STW Nr. 62 v. 15.3.1932

Der weitaus größte Teil des deutschen Volkes ist antifaschistisch. Es ist das Unglück der deutschen Republik, daß sich diese antifaschistische Mehrheit nicht realisieren läßt, weil die Gegnerschaft in ihrem Lager viel zu groß ist. Es ist aber eine mehr komisch zu wertende Anschauung, wenn die Tatsache, daß Hindenburg „nur" 49,5 Prozent der abgegebenen Stimmen im ersten Wahlgang erhalten hat, von der völkischen und deutschnationalen Seite als Volksmehrheit gegen das System ausgebeutet wird.

Nächst Südbayern und Nord-Westfalen hat Württemberg die höchste Stimmenzahl für Hindenburg aufgebracht. Aber im Gegensatz zu den beiden erstgenannten Wahlkreisen und den Württemberg in diesen Stimmenzahlen folgenden Kreisen Köln-Aachen und Westfalen-Süd ist die Zusammensetzung der württembergischen Bevölkerung eine so andersartige, daß die württembergische Leistung eine noch höhere Anerkennung verdient. In diesen Wahlkreisen, die mit großer absoluter Mehrheit für Hindenburg votiert haben, ist das Gros der Bevölkerung katholisch. Das bedeutet, daß dort die sozialdemokratische Arbeiterbewegung nicht nur mit den christlichen Gewerkschaften, sondern auch mit gewaltigen Mengen katholischen Bauern- und Bürgertums zusammenarbeiten konnte. In Württemberg aber sind mehr als zwei Drittel der Bürger protestantisch und die objektiven Schwierigkeiten darum entsprechend größer. Das Zentrum und die Bayerische Volkspartei konnten es sich erlauben, diese Frage in höherem Sinne politisch zu behandeln, das protestantische Bürger- und Kleinbauerntum aber ist darin viel unerzogener und belasteter und orientiert sich mehr nach Stimmungen und Strömungen des Tages. Es ist geradezu ein von Bösartigkeit nicht freier Witz der Geschichte, daß die sozialdemokratischen Arbeiter, die doch das Recht hätten, den alten Soldaten Hindenburg viel reservierter zu betrachten, und daß die katholischen Süd- und Westdeutschen, denen der straff protestantische ostelbische Militär viel fremder sein mußte, die politische Einsicht zur Wahl Hindenburgs besaßen. Ein großer Teil des protestantischen Bürgertums - in Württemberg ist er glücklicherweise nicht allzu groß - aber hat sich gegenüber seinem Abgott Hindenburg einfach unter allem Hund benommen. Hindenburg ist von diesen Kreisen als eine überparteiliche, in wohlgemeintem deutschen Spießersinne unpolitische Persönlichkeit gepriesen und dann zugunsten des nächsten hergelaufenen politischen Reklamesozialisten mit abstoßender Treulosigkeit als „Greis" im Stich gelassen worden, nachdem er sich geweigert hatte, Parteikandidat der Rechten und damit präsumtiver Eidbrecher zu werden. Ein besonders nachdenkliches und beschämendes Kapitel ist da der deutsche Osten.

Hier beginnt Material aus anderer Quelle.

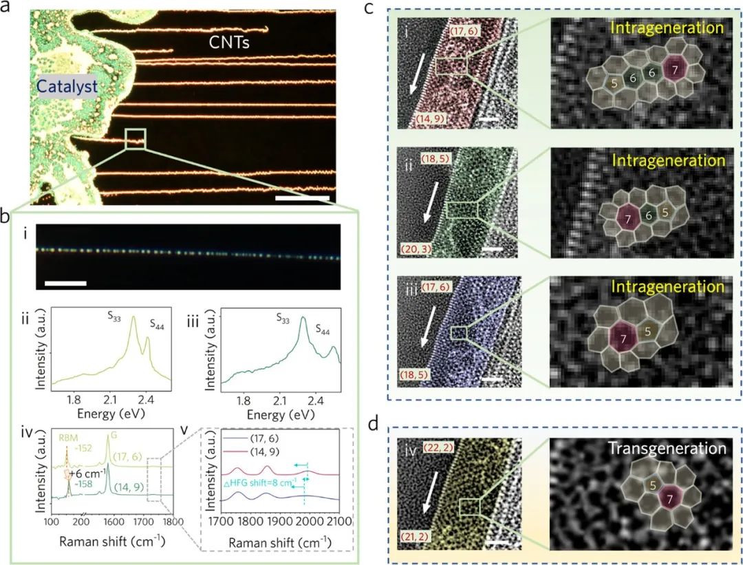 对称性是自然界的核心规律,对称性和对称性破缺现象广泛存在于生物和非生物体系中。单壁碳纳米管(SWNTs)作为一种典型的非对称生长手性材料,研究其生长机制对于实现超长且性能均一的碳纳米管的可控制备至关重要。近日,清华大学魏飞团队将碳纳米管与脱氧核糖核酸(DNA)结构关联,揭示了SWNTs生长中对称及对称性破缺现象,且发现缺陷具有记忆性。

(...) [Im folgenden erörtert Schumacher die spezifische Bedeutung des Wahlausganges für Württemberg und Stuttgart.]

Trotzdem besteht eine politische Gefahr für den deutschen und den württembergischen Abwehrkampf, gleichgültig welcher Spielart und aus welchen Motiven heraus er entstanden ist und kämpft. Diese Gefahr ist darin zu sehen, daß das rein formale Gelingen der Hindenburgwahl am 10. April viele befriedigt. Erschlaffen und Nachlassen aus Bequemlichkeit oder aus kleinlichen taktischen Hintergründen, das landesübliche törichte Gerede, daß es ja in Württemberg nicht so schlimm sei wie im Reich, hindern an der politischen Auswertung des ersten Wahlganges. Die Lage in Deutschland und auch in Württemberg ist so, daß man die Gegensätze nicht mehr einschläfern und durch eine gewisse Vertagung allmählich aus der Welt schaffen kann. Damit würden die Krankheitskeime nur künstlich konserviert, um dann bei einer gefährlicheren Gelegenheit umso verderblicheres Fieber zu erzeugen.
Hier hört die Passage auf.